Semua warga dan simpatisan menyanyikan lagi “Nemu”. Namun di bagian akhir lagu, liriknya diganti dengan memasukkan nama Ganjar-Mahfud.
Matur nuwun Gusti mpun maringi sing gemati, nemu slirane ngobati ati kang sepi.
(terima kasih Tuhan sudah memberikan sosok yang penuh kasih dan sayang menemukan dirimu yang mengobati perasaan hati yang kesepian).
Matur nuwun Gusti mpun maringi sing gemati Yang pergi biarlah pergi. Ada Pak Ganjar-Mahfud sing ngganteni.
(Terima kasih Tuhan sudah memberikan sosok yang penuh kasih dan sayang yang pergi biarlah pergi. Ada Pak Ganjar-Mahfud yang menggantikannya).
Lirik lagu itu berulang dinyanyikan oleh orang-orang yang hadir di sana.
Yang kedua adalah lagu “Salam Tiga Jari” yang dahulu dipopulerkan ketika Joko Widodo menjadi Calon Presiden dari PDIP. Kali ini, lagu itu juga diubah liriknya dan dinyanyikan bersama dengan semangat.
“Salam tiga jari selamatkan demokrasi,” demikian lirik barunya.
Atikoh juga melakukan dialog dengan warga Madiun maupun simpatisan yang menyambutnya.
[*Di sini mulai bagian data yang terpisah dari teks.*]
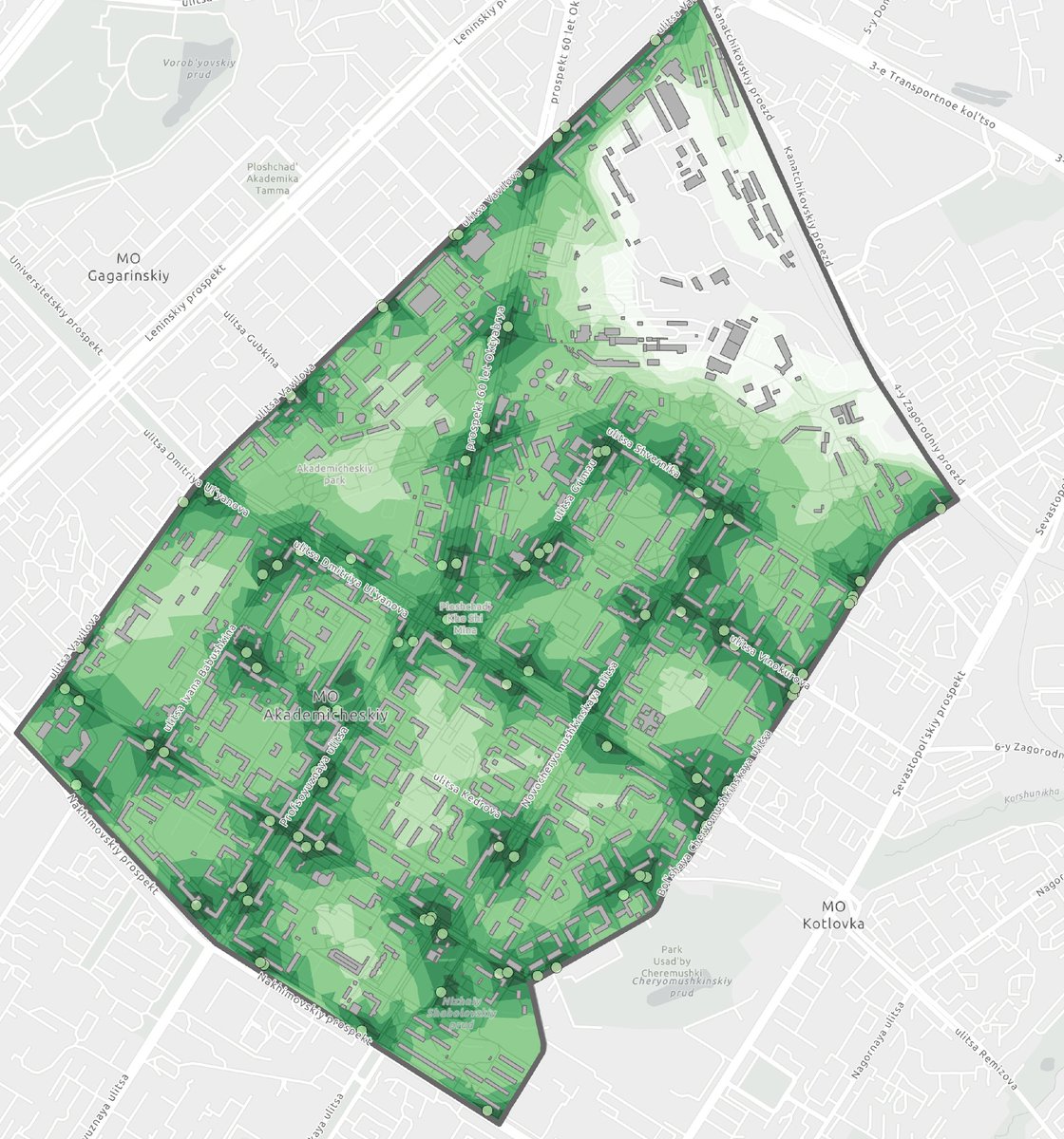 вот карта, которую я когда-то делала для остановок автобусов в академическом районе москвы. Чем более зеленый цвет, тем удобнее добираться до остановки. А вот северная часть района вообще не очень обеспечена остановками, там жить неудобно (немудрено. там просто промзона)
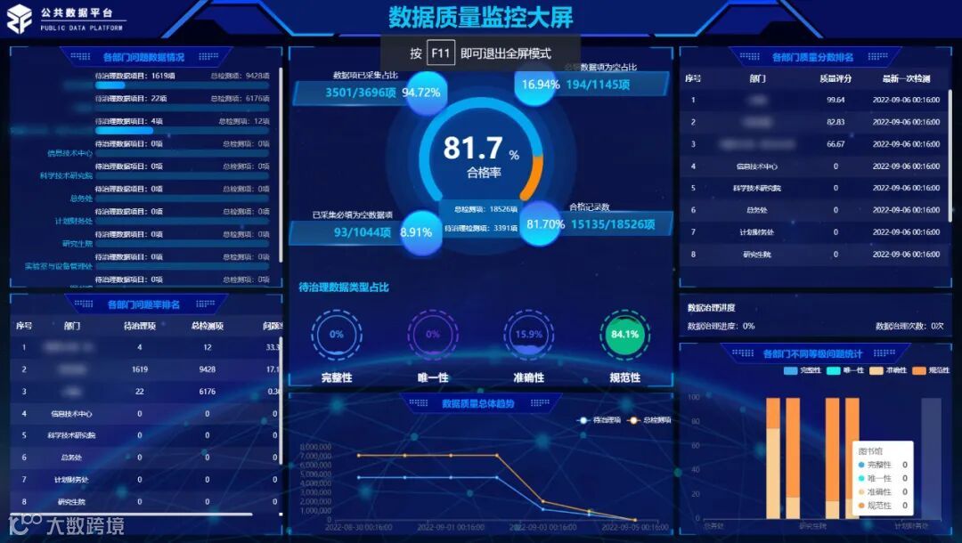 在建立数据资源目录1.0版本(数据标准)的基础上,通过“全流程一体化的数据治理与数据服务”平台的质量管理体系,建立检测模型137个,依托业务需求,持续不断地对数据进行检测、修订改进,提升整体数据的“质和量”。
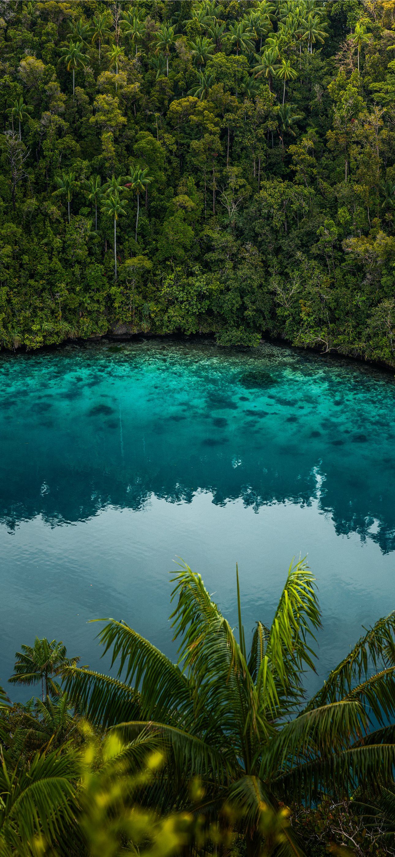 1290x2796 a blue lake surrounded by trees in the middle of a... -  iPhone Wallpaper
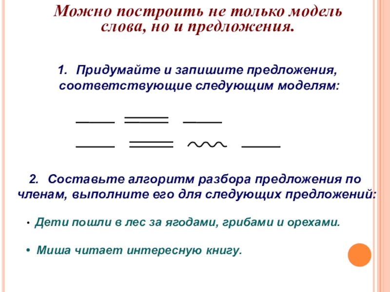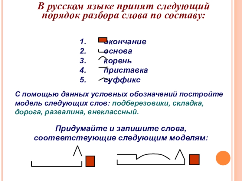 С помощью данных условных обозначений постройте модель следующих слов: подберезовики, складка, дорога, развалина, внеклассный.
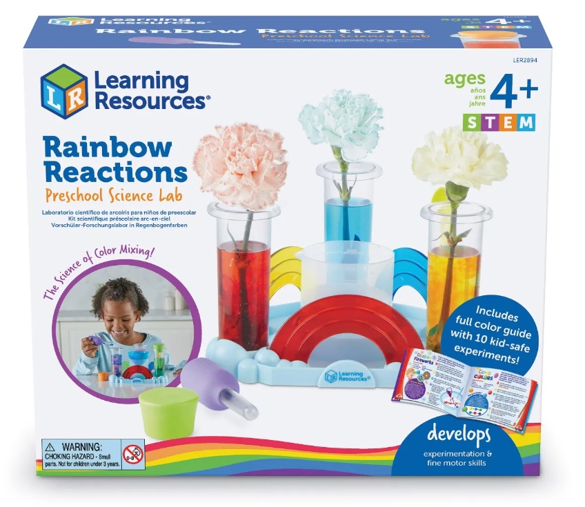 Obsah: 1 podstavec Rainbow Reactions, 3 skúmavky so zátkou, 3 dúhové šošovky, 1 lievik, 1 pipeta, 1 čajová lyžička, sprievodca aktivitami.
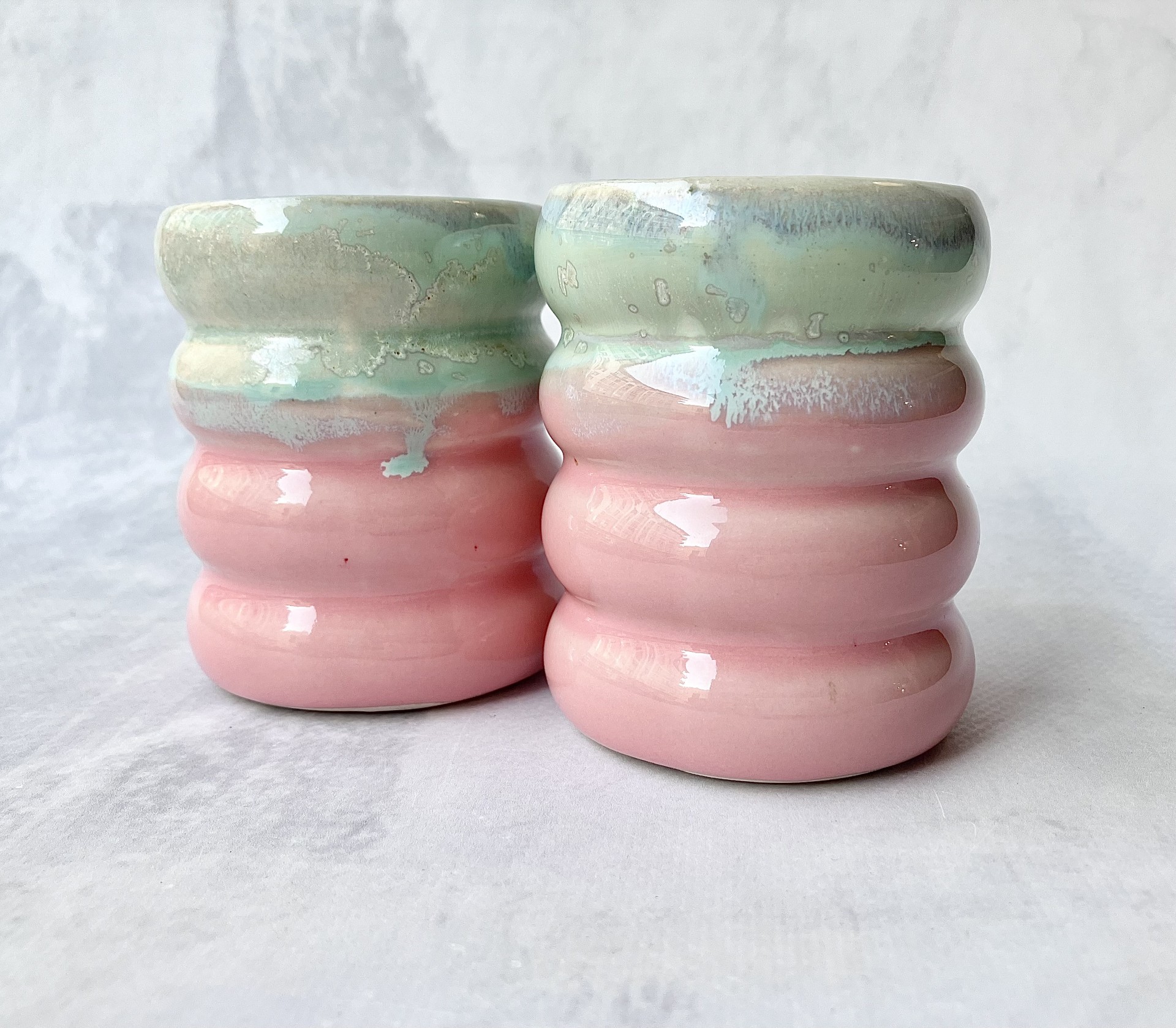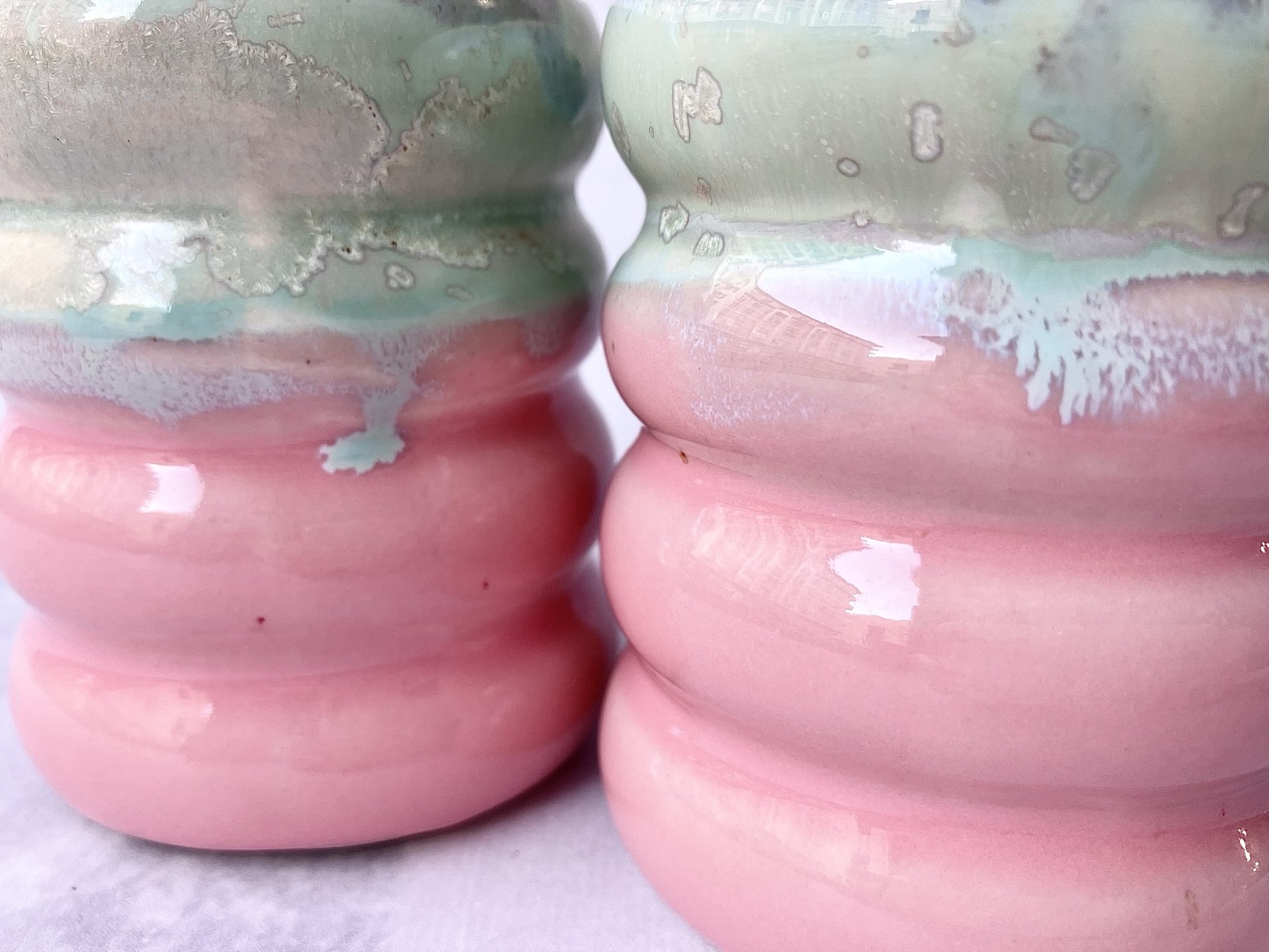 Górną część zdobi szkliwo w odcieniach mięty i turkusu, które tworzy naturalne, płynne zacieki przypominające morską pianę. Dolna część kubka to gładki, błyszczący pudrowy róż.

Dia ditanya soal penyandang disabilitas yang kerap masih belum mendapat tempat di dunia kerja. Bagaimana jawaban Atikoh?
Perempuan lulusan UGM dan Tokyo University tersebut menjelaskan pengetahuannya yang luas mengenai pemberdayaan kaum difabel. Dia mengatakan bagaimana biasanya para anak penderita telah mendidik dirinya atau dididik sesuai bakatnya.
Misalnya, tunanetra bisa mengarahkan diri untuk pengembangan kemampuan vokal. Yang disable di sisi fisik, biasanya diarahkan pengembangan diri di bidang lain, contohnya kemampuan di belakang layar seperti kemampuan IT.
Dari sisi afirmasi terhadap penyandang disabilitas, Atikoh mengatakan bahwa sudah ada payung hukumnya. Namun dalam pelaksanaan masih kurang maksimal.
Pertama, perekrutan kaum difabel dalam dunia kerja masih sebatas formalitas tanpa ada upaya lebih jauh menggali potensi.
Kedua, baginya kewajiban bagi perusahaan merekrut penyandang disabilitas itu benar-benar diperkuat. Sehingga kuotanya benar-benar membesar dan dilibatkan.
“Ketika kita diskusi sama teman teman disabilitas juga mengatakan, ‘mbokyao ketika ada kegiatan-kegiatan mereka itu juga dilibatkan. Ketika ada diskusi-diskusi untuk perumusan kebijakan, sehingga mereka bisa memberikan masukan-masukan,” urai Atikoh.